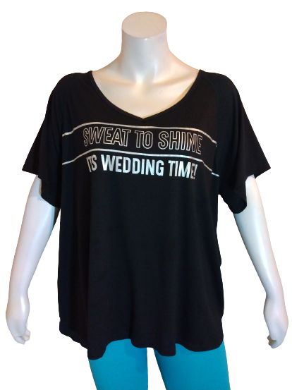 Black Sweat to Shine Bridesmaid Tee 79% Polyester, 17% Rayon, 4% spandex
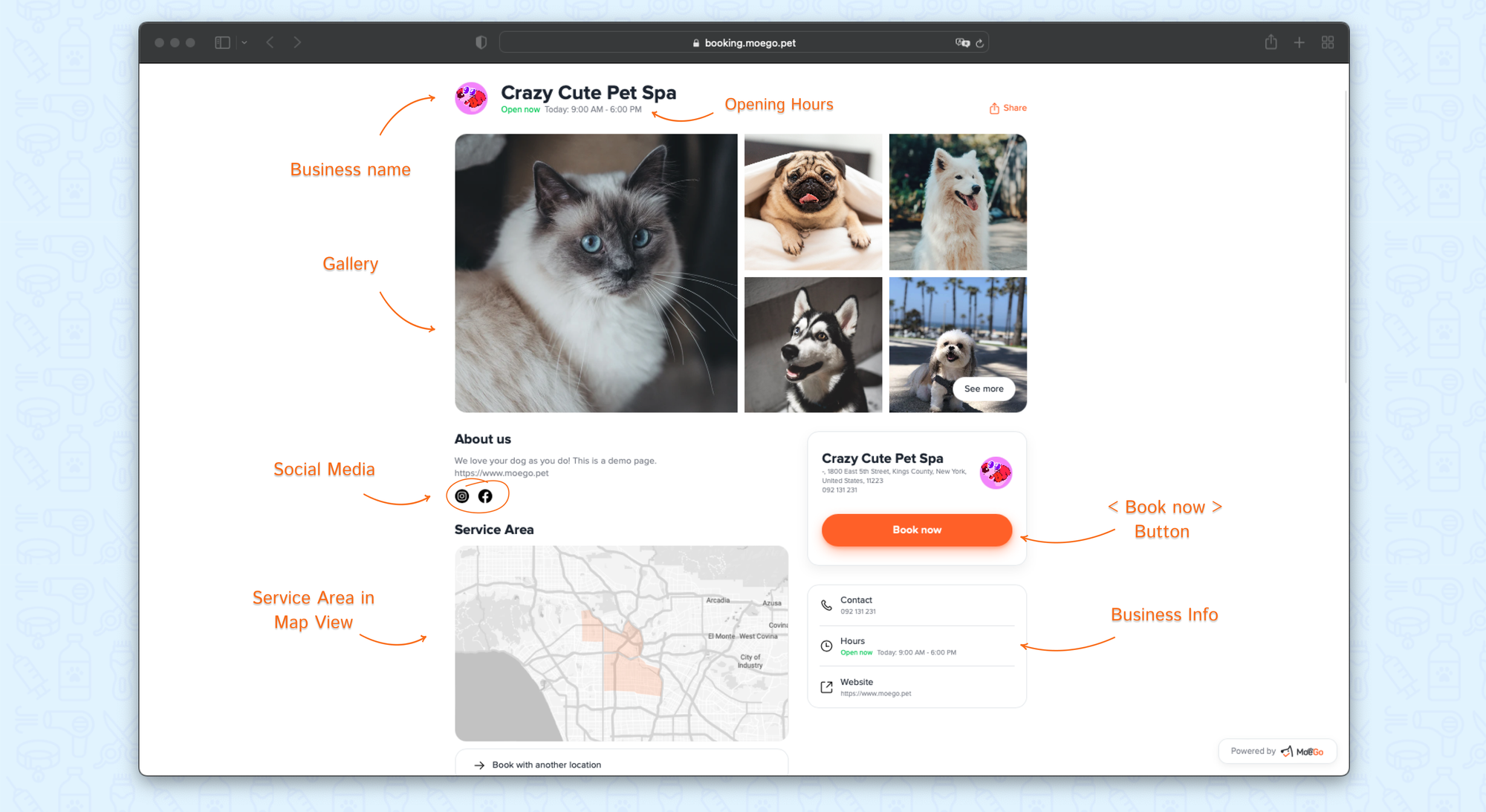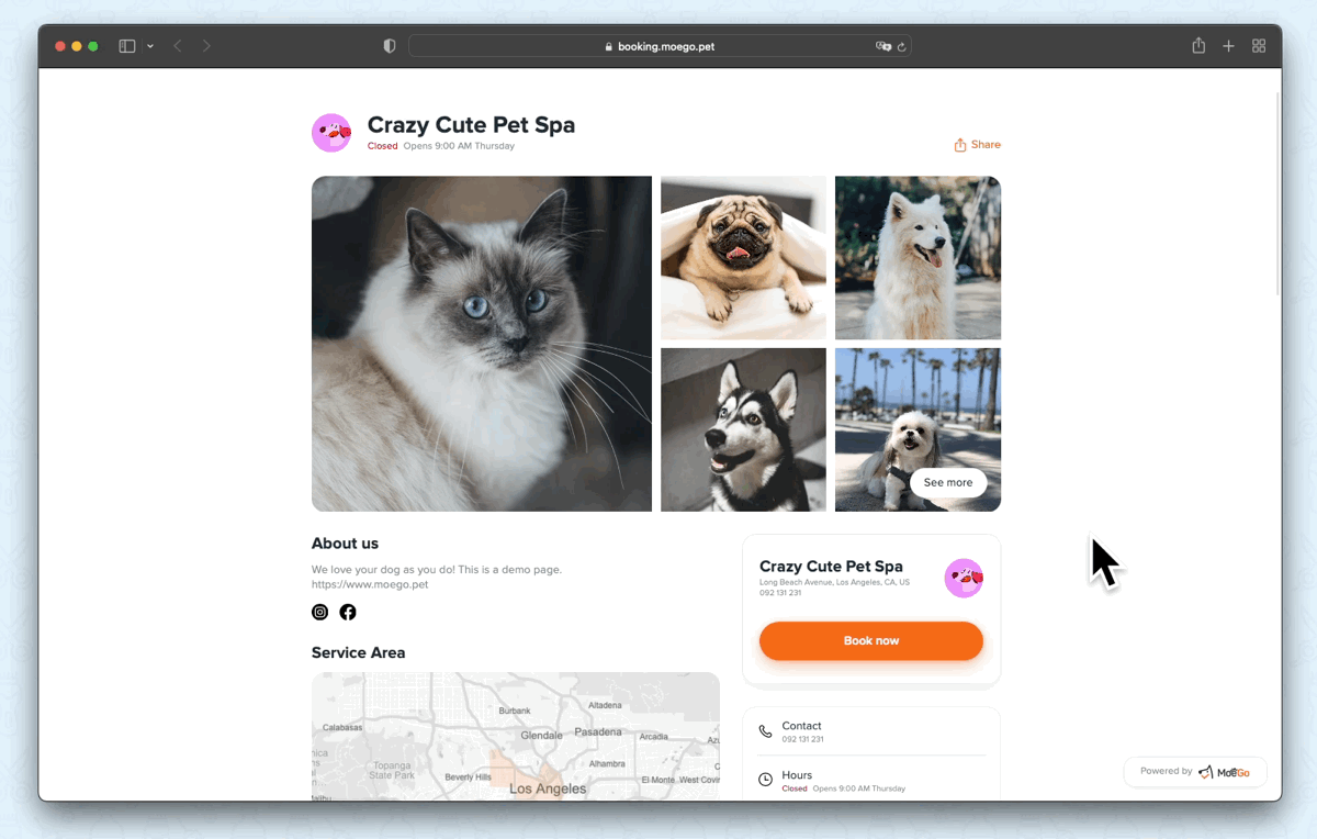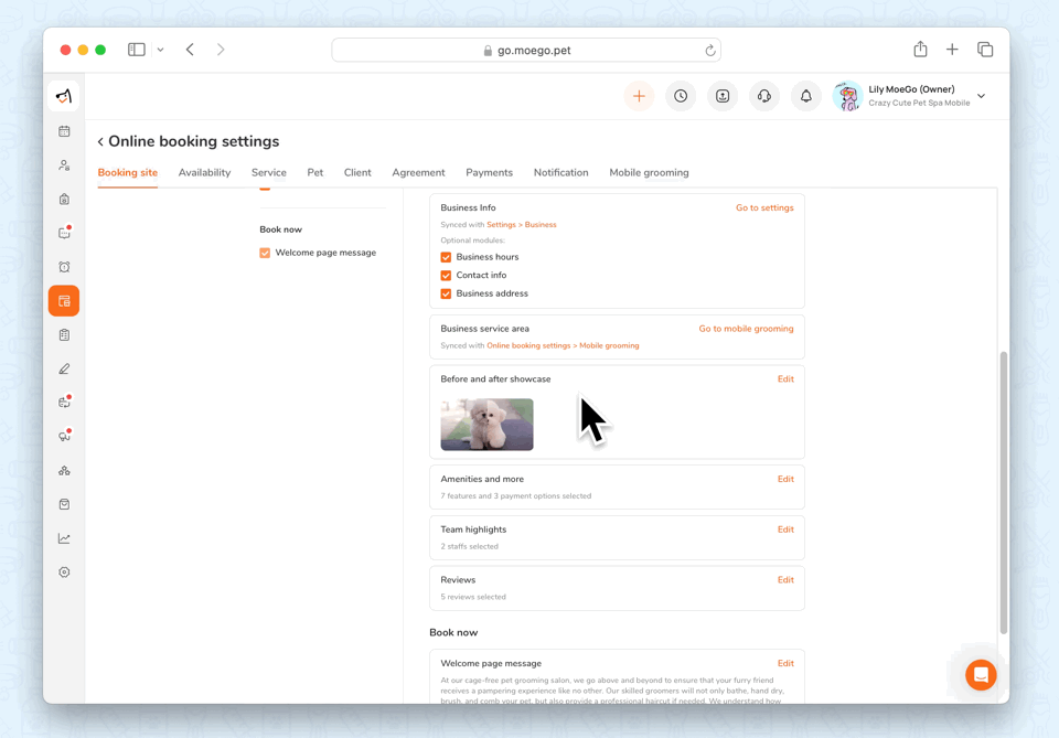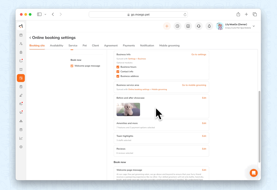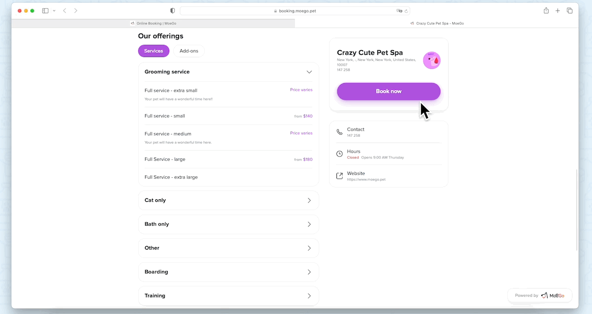 Boost your online presence effortlessly with MoeGo's personalized Storefront Page, crafted to simplify the online grooming booking process!
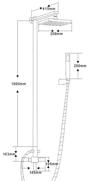 - Includes fixed square shower head with swivel knuckle (200mm x 200mm).
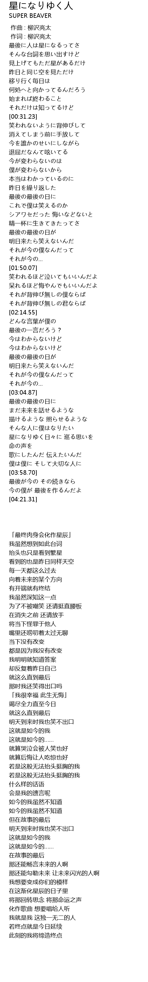 | [03:29.01] | 星になりゆく日々に 巡る思いを |
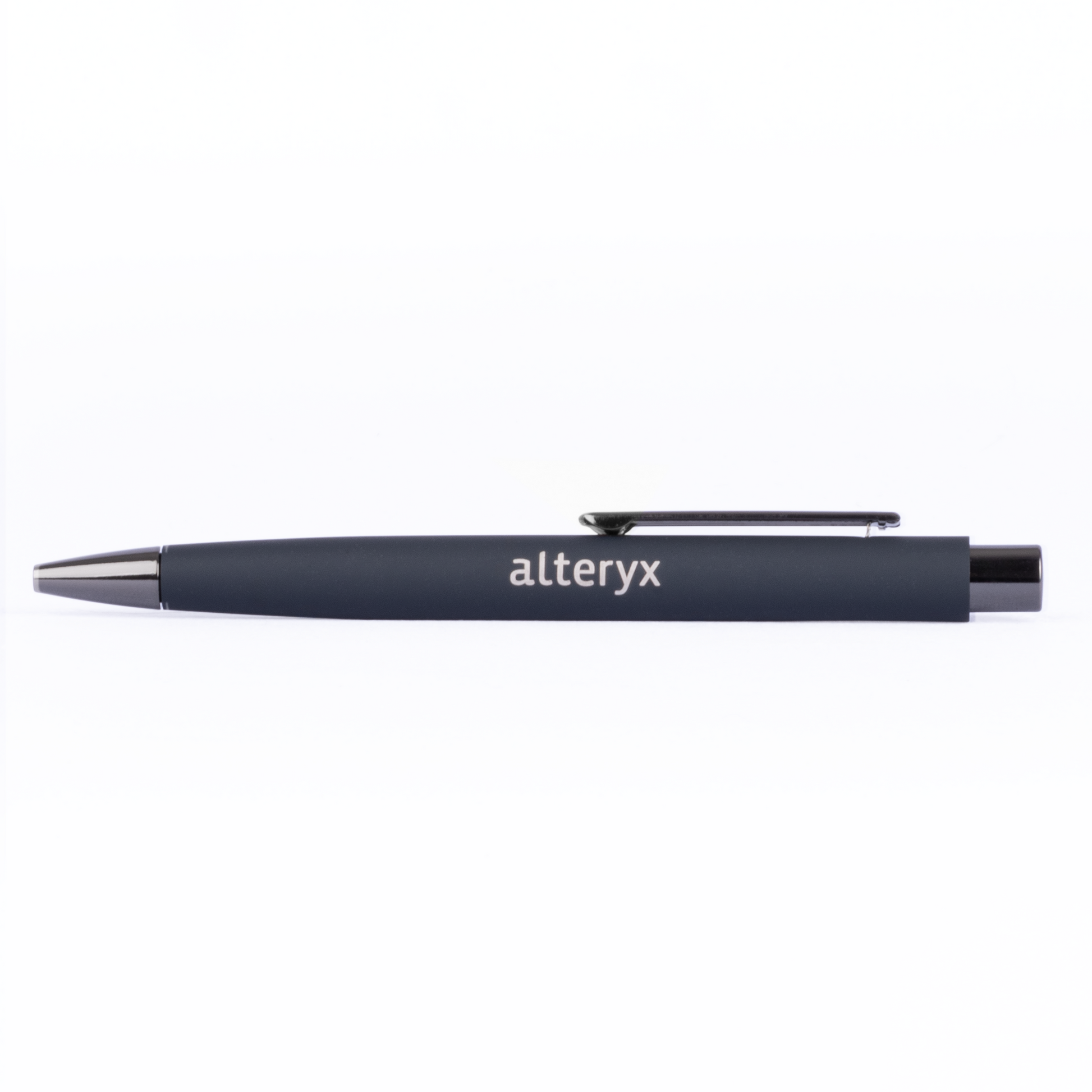 Capture your ideas on paper using this soft-touch, oval-shaped, retractable ballpoint pen. The pen features a laser-engraved Alteryx wordmark on the barrel.
★ ★ ★ ★ ★
• [Aim of the task]
Only the text of the listing above should be copied, exactly and with pictures left out.

• [Your response]
 Black Sweat to Shine Bridesmaid Tee 79% Polyester, 17% Rayon, 4% spandex
 Boost your online presence effortlessly with MoeGo's personalized Storefront Page, crafted to simplify the online grooming booking process!
 - Includes fixed square shower head with swivel knuckle (200mm x 200mm).
 | [03:29.01] | 星になりゆく日々に 巡る思いを |
 Capture your ideas on paper using this soft-touch, oval-shaped, retractable ballpoint pen. The pen features a laser-engraved Alteryx wordmark on the barrel.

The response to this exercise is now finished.